Member of the National Assembly for Bouches-du-Rhône's 15th constituency
- Incumbent
- Assumed office 22 June 2022
- Preceded by: Bernard Reynès

Personal details
- Born: 28 January 1989 (age 37) Mont-Saint-Aignan, France
- Party: National Rally
- Occupation: Police officer, politician

= Romain Baubry =

French politician (born 1989)

Romain Baubry (/fr/; born 28 January 1989) is a French police officer and politician of the National Rally (RN). In 2022, he was elected as the deputy for the 15th constituency of the Bouches-du-Rhône department.

==Biography==
Baubry was born in Seine-Maritime and later moved to Bouches-du-Rhône. His parents run a floristry business. Baubry was a volunteer with the National Gendarmerie for two years, then a prison guard for five years before working as an officer of the National Police in Cavaillon, Vaucluse and Nîmes, Gard.

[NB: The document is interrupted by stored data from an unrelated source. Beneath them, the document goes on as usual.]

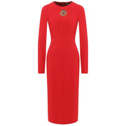 Dolce & Gabbana long-sleeved midi dress with sacred heart embroidery in rhinestones and red velvet, round neckline, zip fastening on the back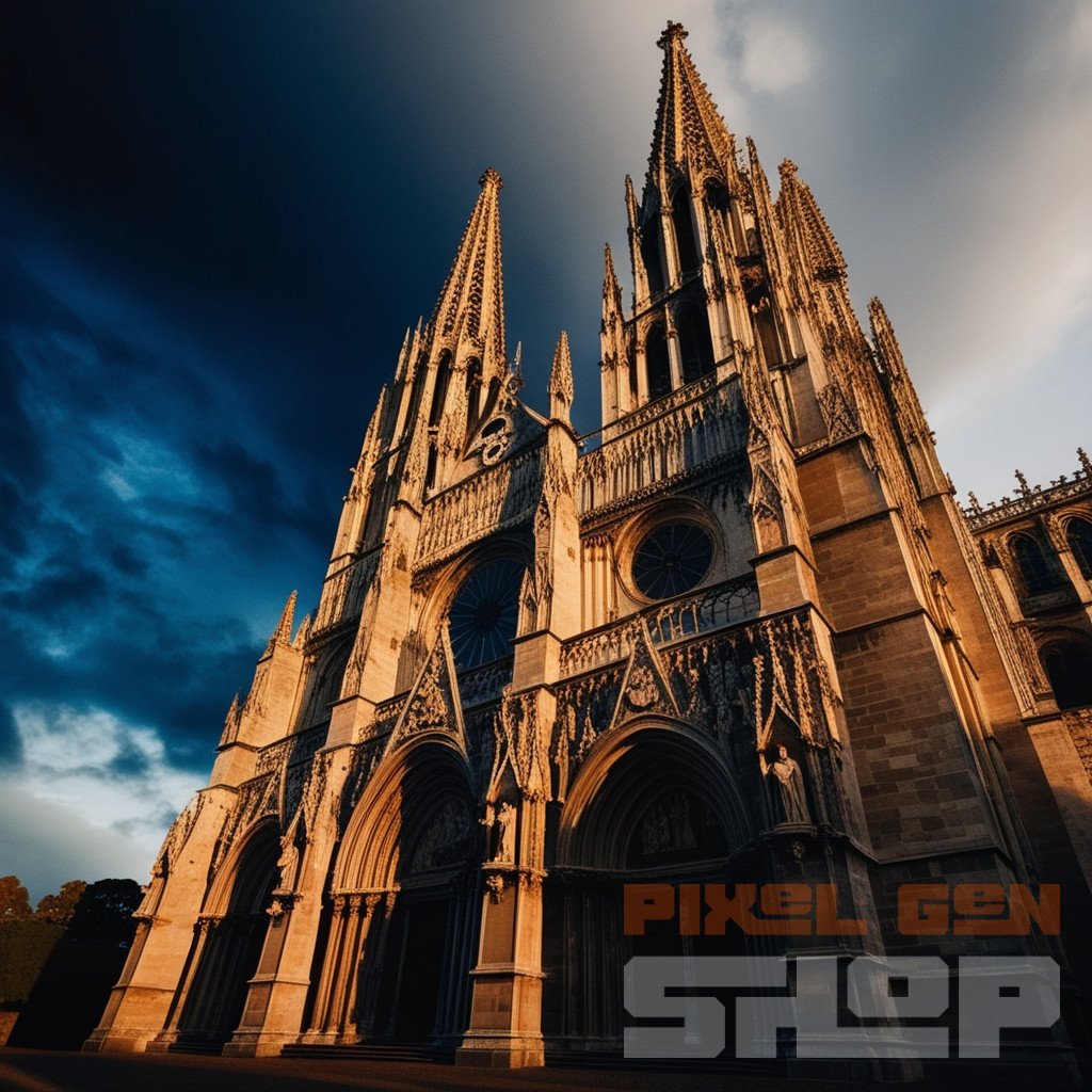 Gothic Cathedral at Sunset Under Dramatic Skies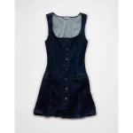 AE Square Neck Denim Mini Dress – Dark Wash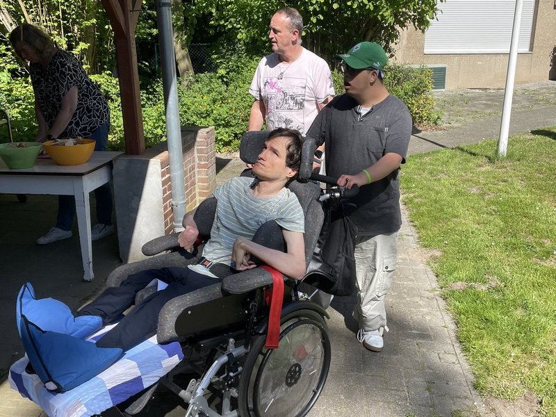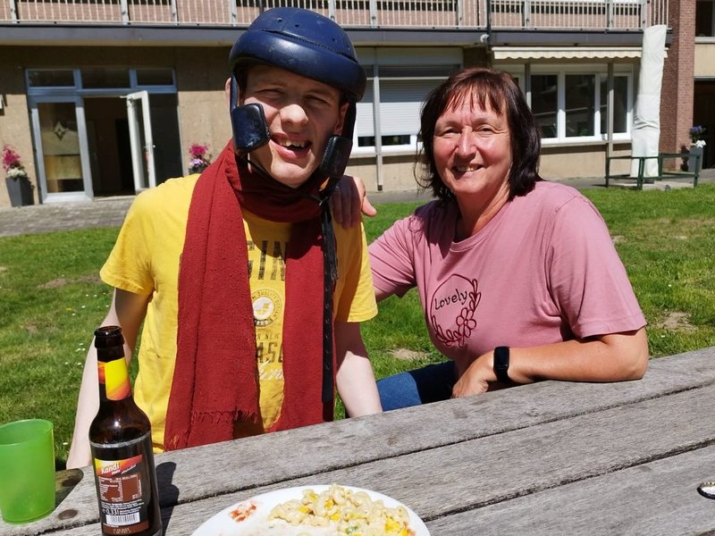 Am 1. Mai hatten wir eine richtig schöne Feier! Etwa 25 Bewohnerinnen und Bewohner waren dabei. Auch einige Betreuerinnen und Betreuer haben mitgefeiert. Das Wetter war super: viel Sonne, blauer Himmel und sommerlich warm.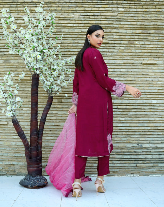 Purple Grace - 03 PC hand embroidered suit- S2024614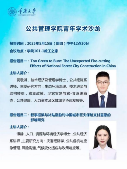 公共经济系的党敬淇博士和谭静博士分别做了题为《Too Green to Burn: The Unexpected Fire-cutting Effects of National Forest City Construction in China》《叙事框架与补贴激励对中国城市巨灾保险支付意愿的影响研究》的报告。党敬淇的研究利用交叠倍差法揭示了中国国家森林城市建设通过完善火灾预防和响应机制削减火灾频率与强度的政策边际因果效应,刻画了综合性生态环境政策产生的预期外防灾减灾收益。谭静的研究基于行为经济学理论框架,采用多阶段分层随机抽样方法,在成都和重庆选取1000户城市家庭开展实验研究。通过2×3因子设计(叙事类型×补贴方式),运用混合研究方法系统考察了不同干预策略对巨灾保险支付意愿的影响机制。研究发现,情感叙事框架通过风险感知和情感唤起双重路径显著提升投保意愿,且与定向补贴政策存在显著协同效应。研究结果为优化巨灾保险政策设计和风险沟通策略提供了重要参考。
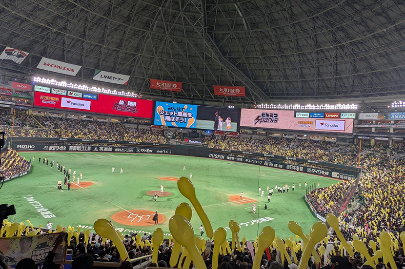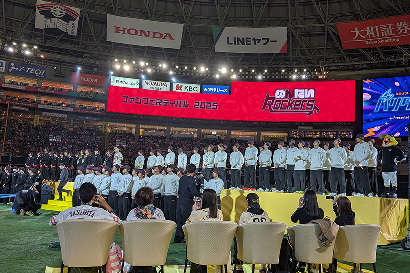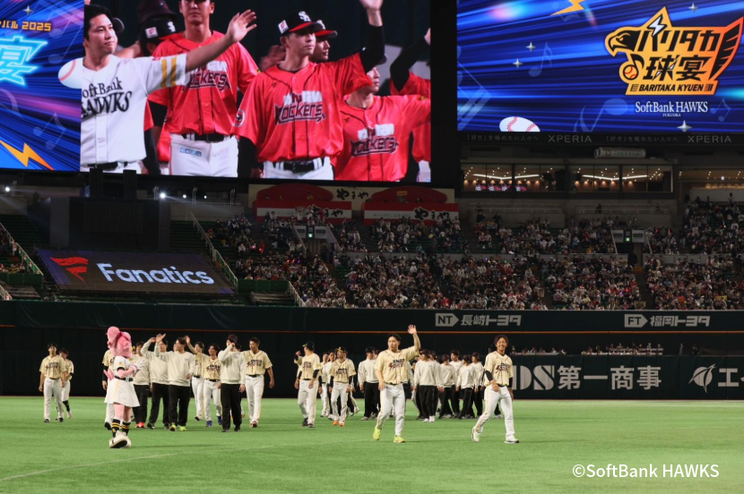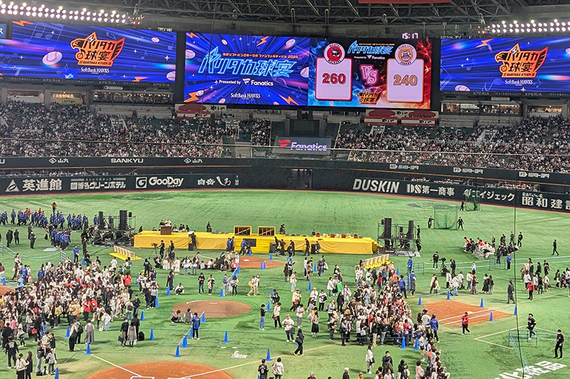 11月24日、みずほPayPayドーム福岡がにぎやかな “宴” の舞台に変わりました。「打って、歌って、踊って!バリタカ球宴 Presented by Fanatics」と題した今年の福岡ソフトバンクホークスのファンフェスティバルは、「音楽とスポーツの宴」をテーマに選手とファンが一体となって盛り上がれる企画が盛りだくさん。午前中に行われた優勝パレードに続いて、会場の様子を取材してきました。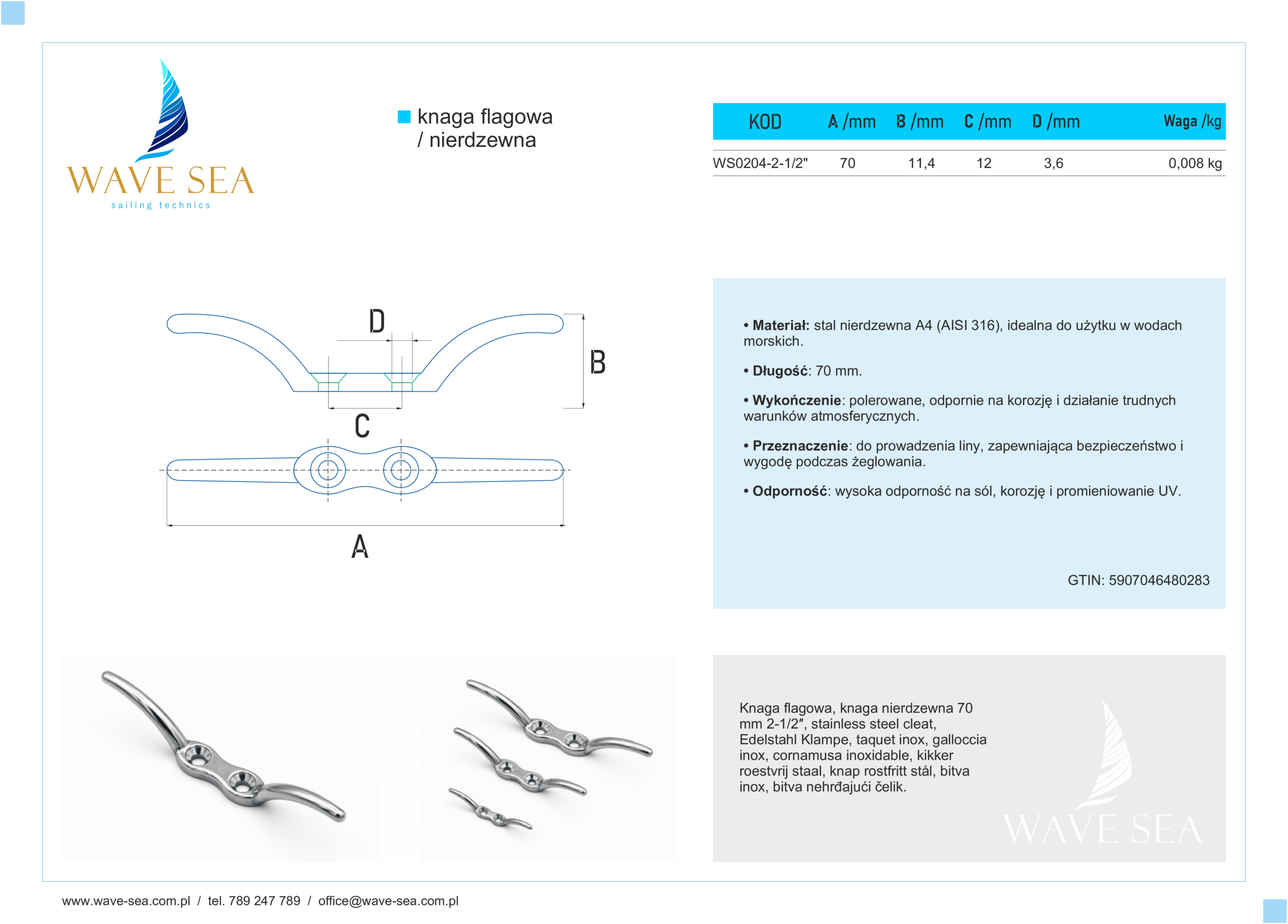 - Materiał: stal nierdzewna A4 (AISI 316), idealna do użytku w wodach morskich.

Since 2020, he has been a municipal councillor of Sénas for the National Rally. In the 2021 departmental election, he contested the canton of Salon-de-Provence-1 but was defeated in the second round.

In the 2022 legislative election, Baubry was elected to the National Assembly in the 15th constituency of Bouches-du-Rhône. He defeated Democratic Movement (MoDem) candidate Marie-Laurence Anzalone (who ran under the Ensemble alliance) in the second round with 53.8% of the vote. He has cited national security concerns as one of his reasons for getting involved in politics. In Parliament, he sits on the Committee on Laws.